Task item: The reply should hold only the lines from the one with "Für den Holz-Fertigbau" to the one with "图 1.4- 6 公众意见回复", both ends kept, exactly as they appear below, without any pictures.
• • •
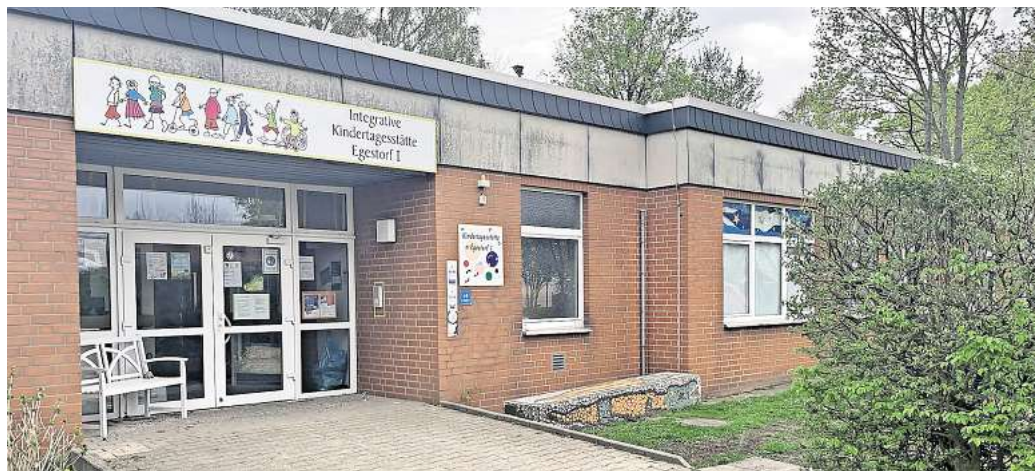
Zukunft noch ungewiss: Für einige städtische Kitas will das Kinderbetreuungsamt doch noch ein Betreuungsangebot in den Randzeiten schaffen. Im Falle der Kita Egestorf I (Bild) und der Einrichtungen in Ostermunzel und Großgötern wird dies nach Aussagen der Verwaltung aber schwer.

Der befürchtete Ausfall der Randzeitenbetreuung in Barsinghausens Kinderbetreuungseinrichtungen werde aller Voraussicht nach nicht so extrem ausfallen, wie nach den ersten Bescheiden vom 24. Juni 2024 befürchtet, betonte sie am Mittwoch. „Es wird kein Elternteil seinen Job wegen fehlender Randzeiten in der Kinderbetreuung kündigen müssen, wir arbeiten
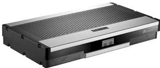
Produit existant Extrémité - Point de vue 8036
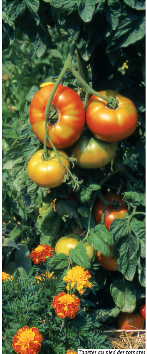
Tagètes au pied des tomates
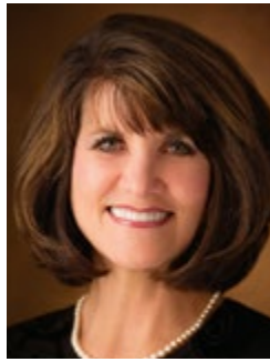
โดยจอย เอ. สตีเวนส์ ที่ปรึกษาที่หนึ่งในฝ่ายประธานปฐมวัยสามัญ
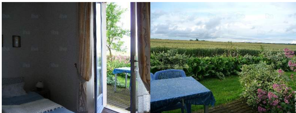
vista dalla camera
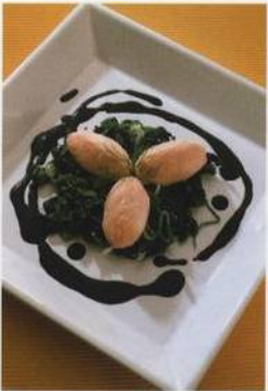
Poširované noky z lososa na listovém špenátu se sépiovou omáčkou
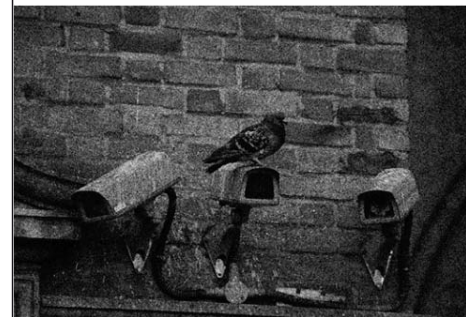
Z cyklu Mrtvé weby

Uživatel se musí dostavit do Referenčního centra v budově Klementina. Vzhledem k tomu, že samotná data bez souhlasu vydavatelů tedy Webarchiv volně zveřejňovat nemůže, hledá cesty, jak je z archivu vytěžovat. Aktuálně pracujeme na projektu, který řeší, jak obsah jednoduše zpřístupňovat badatelům prostřednictvím metadat, která by jim mohla poskytovat relevantní informace pro další bádání.
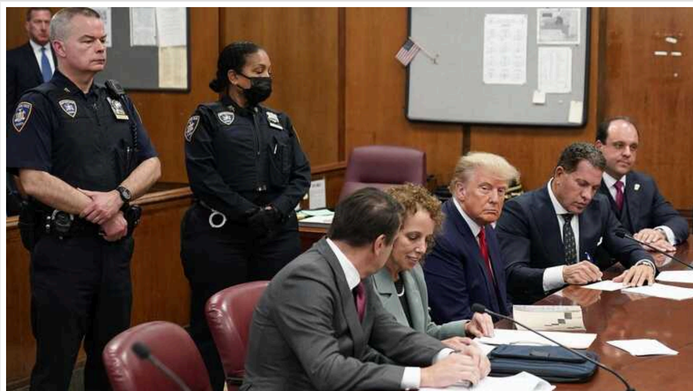
Суд у Нью-Йорку визнав експрезидента США Дональда Трампа винним у цивільній справі про шахрайство

Трам у справі про шахрайство має виплатити понад $350 млн.
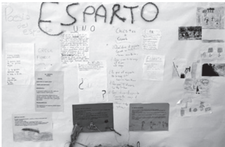
Figura 3: Mural del Esparto en el Colegio Público Virgen de Nieves de Sesma.
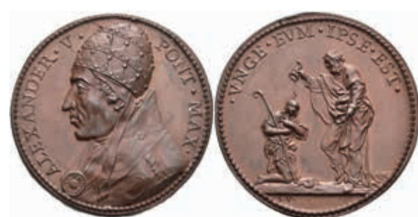
1315 Kirchenstaat, Alexander V., Bronzemedaille (Dm. ca. 40 mm, ca. 27,6 g), o.J., von St. Urbain. Vs: Brustbild nach links. rev: Samuel salbt den in Hirtengewand vor ihm knienden David. Spink 308, Stempelriß, vz. 100,—
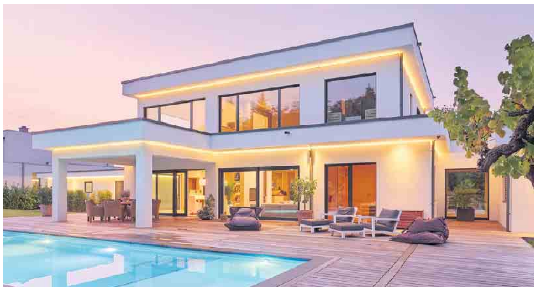
„Die Bauhausarchitektur ist Ausdruck von Individualität und Stilsicherheit.“

Für den Holz-Fertigbau waren die Ideen von Bauhaus-Gründer Walter Gropius nicht nur architektonisch prägend: schlichter Funktionalismus und Rationalität sowie die Kombination aus kunstvollen Gestaltungsideen und standardisierten Bauteilen aus seriellen Produktionsverfahren - eine Mischung, die sich die Fertighausbranche bis heute zunutze macht, um individuelle Häuser nach einem Setzkastenprinzip zu entwerfen. Dabei wird der Setzkasten immer größer und vielfältiger. „Die Bauhausarchitektur ist nur eine von vielen Planungsgrundlagen, auf der Fertighaus-Bauherren ihre persönlichen Wünsche und Vorstellungen vom Traumhaus heute in die Tat umsetzen können“, erklärt Fabian Tews, Sprecher des Bundesverbandes Deutscher Fertigbau (BDF). Aber warum ist gerade die Bauhausarchitektur bei Bauherren wieder so beliebt? „Weil sie zeitlos ist“, glaubt Tews. Zum einen könnten reduzierte kubische Gebäudeformen einen will-
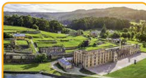
亚瑟港监狱遗址 Port Arthur*
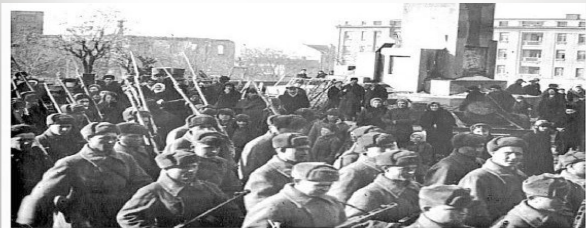
Парад советских войск в освобожденном Ворошиловграде. 1943 г.

Стоит отметить, что активную помощь войскам регулярной армии оказывали и луганские отряды сопротивления.
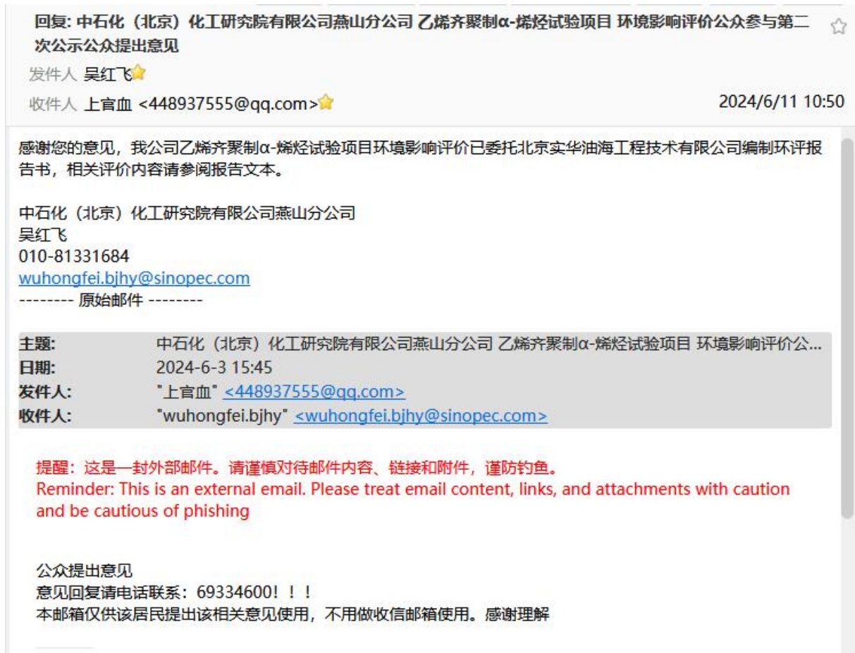
图 1.4- 6 公众意见回复
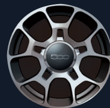
Jantes en alliage 16" Five-O-Spoke 50901669 - 899 €*
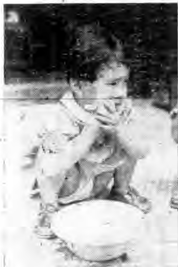
洗 洗 臉
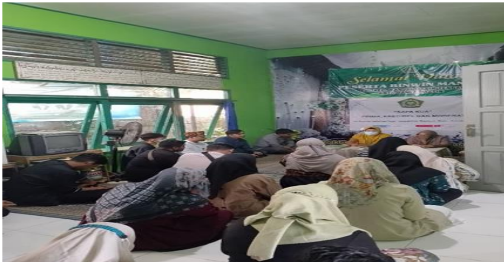
Penasehatan dari Puskesmas
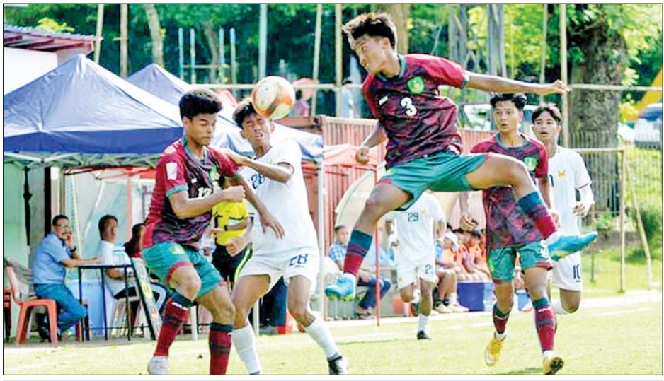
ရှမ်းယူနိုက်တက်အသင်းနှင့် မြဝတီအသင်းတို့ ယှဉ်ပြိုင်ကစားကြစဉ်။

ရန်ကုန် အောက်တိုဘာ ၃ ၂၀၂၄ ရာသီ MNL ယူ-၂၀ လိဂ်ပြိုင်ပွဲ ပွဲစဉ် (၁၇) ပထမနေ့ကို အောက်တိုဘာ ၃ ရက်က ကျင်းပရာ ထိပ်ဆုံးမှ ဦးဆောင်နေသည့် ရှမ်းယူနိုက်တက်အသင်း နိုင်ပွဲဆက်ခဲ့သည်။ ဗဟန်း မြက်ခင်းတုကွင်း၌ ကျင်းပသည့်ပွဲတွင် ရှမ်းယူနိုက်တက်အသင်းက မြဝတီအသင်းကို တစ်ဂိုး-ဂိုးမရှိဖြင့် အနိုင်ရခဲ့သည်။ ချန်ပီယံဆုအတွက် ဇယားထိပ်ပိုင်းတွင် အသင်းများအပြိုင် ဖြစ်နေသဖြင့် ထိပ်ဆုံးတွင် ဦးဆောင်နေသည့် ရှမ်းယူနိုက်တက် စာမျက်နှာ ၁၅ ကော်လံ ၁ သို့ ❖
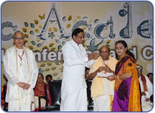
Receiving Best concert Award from Minister P.Chidambaram from music Academy, Chennai
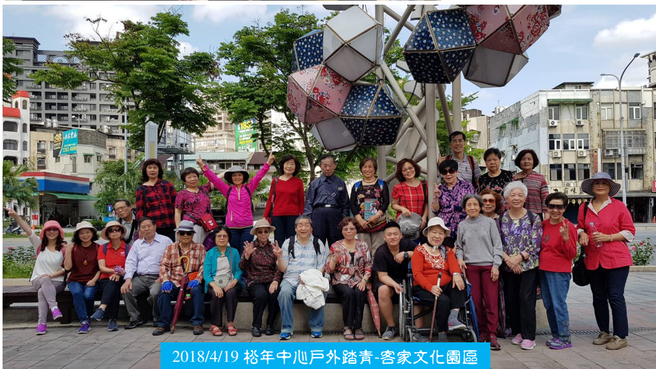
2018/4/19 裕年中心戶外踏青-客家文化園區
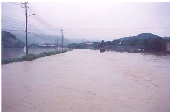
平成2年7月洪水 佐志川
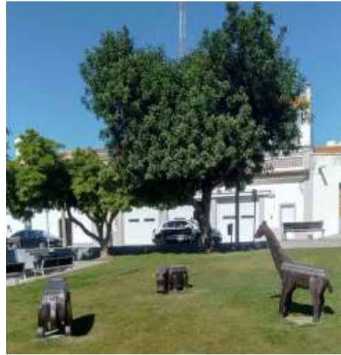
Animais de Madeira

Do trabalho em equipa vais precisar, para chegar ao fim sem estragar
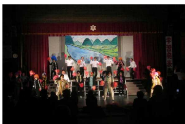
保護者と職員によるPTAの広場
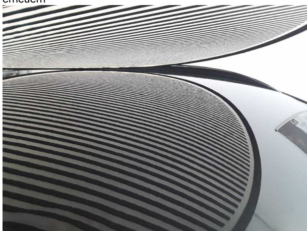
Beschädigung #2: Fahrzeugdach: Dach - Delle(n) - Smart Repair
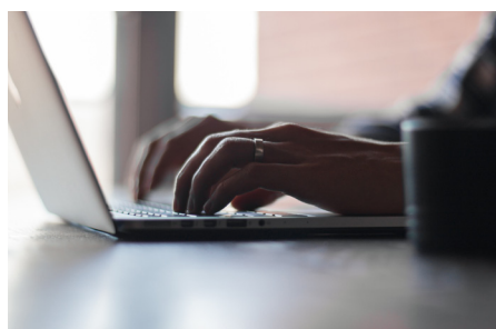
Hackeři útočili v Česku na každou pátou firmu
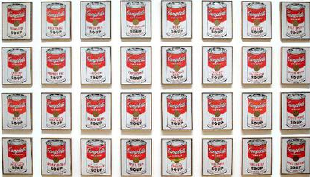
Latas de sopa Campbells (1962) de Andy Warhol. [efn_note]

Source: https://en.wikipedia.org/wiki/File:Campbells_Soup_Cans_MOMA.jpg#filelinks [/efn_note]
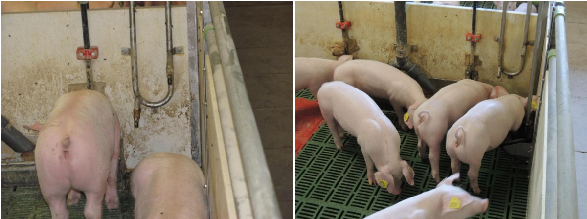
Bild 2: Ferkel an der Nippeltränke (links) bzw. an der Trogtränke (rechts)

Trogtränken verhindern Kannibalismus auch nicht bzw. führen zu „Raufereien“. Sie verursachen viel mehr Zusatzwasserverbrauch.
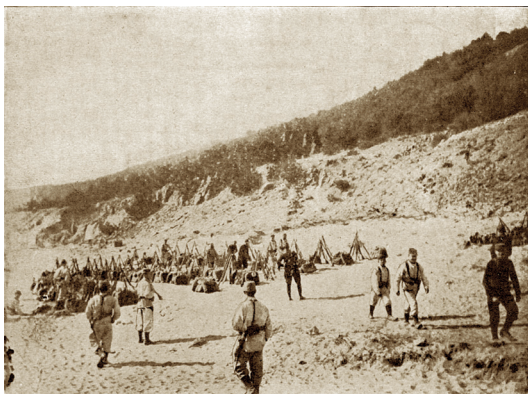
Fig. 9 – Le camp d'entraînement de Bollène dans le Vaucluse ( Vienne et la Guerre ).
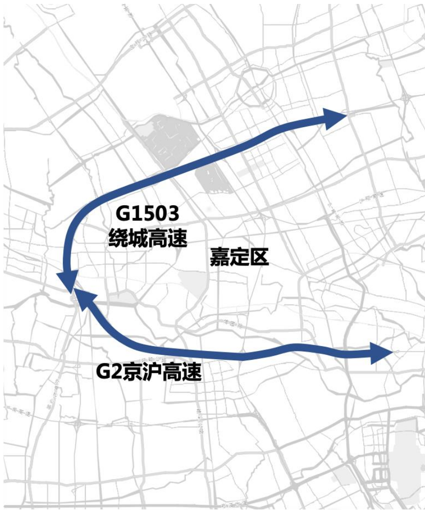
图 2 嘉定区域内部分高快速路自动驾驶开放测试道路示意图
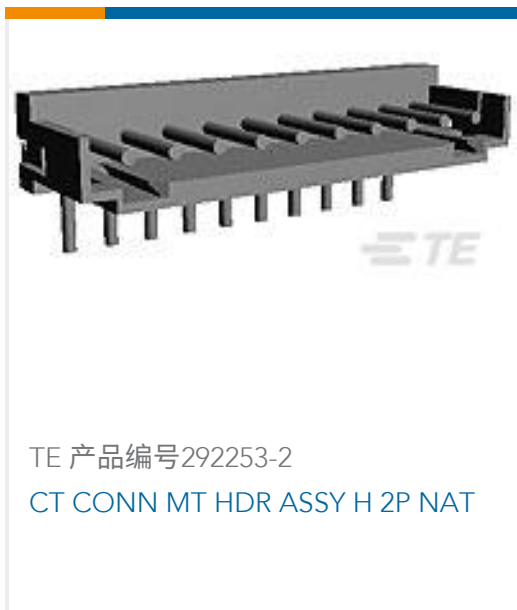
TE 产品编号292253-2 CT CONN MT HDR ASSY H 2P NAT
• • •
Exercise response:
Für den Holz-Fertigbau waren die Ideen von Bauhaus-Gründer Walter Gropius nicht nur architektonisch prägend: schlichter Funktionalismus und Rationalität sowie die Kombination aus kunstvollen Gestaltungsideen und standardisierten Bauteilen aus seriellen Produktionsverfahren - eine Mischung, die sich die Fertighausbranche bis heute zunutze macht, um individuelle Häuser nach einem Setzkastenprinzip zu entwerfen. Dabei wird der Setzkasten immer größer und vielfältiger. „Die Bauhausarchitektur ist nur eine von vielen Planungsgrundlagen, auf der Fertighaus-Bauherren ihre persönlichen Wünsche und Vorstellungen vom Traumhaus heute in die Tat umsetzen können“, erklärt Fabian Tews, Sprecher des Bundesverbandes Deutscher Fertigbau (BDF). Aber warum ist gerade die Bauhausarchitektur bei Bauherren wieder so beliebt? „Weil sie zeitlos ist“, glaubt Tews. Zum einen könnten reduzierte kubische Gebäudeformen einen will-
亚瑟港监狱遗址 Port Arthur*
Парад советских войск в освобожденном Ворошиловграде. 1943 г.

Стоит отметить, что активную помощь войскам регулярной армии оказывали и луганские отряды сопротивления.
图 1.4- 6 公众意见回复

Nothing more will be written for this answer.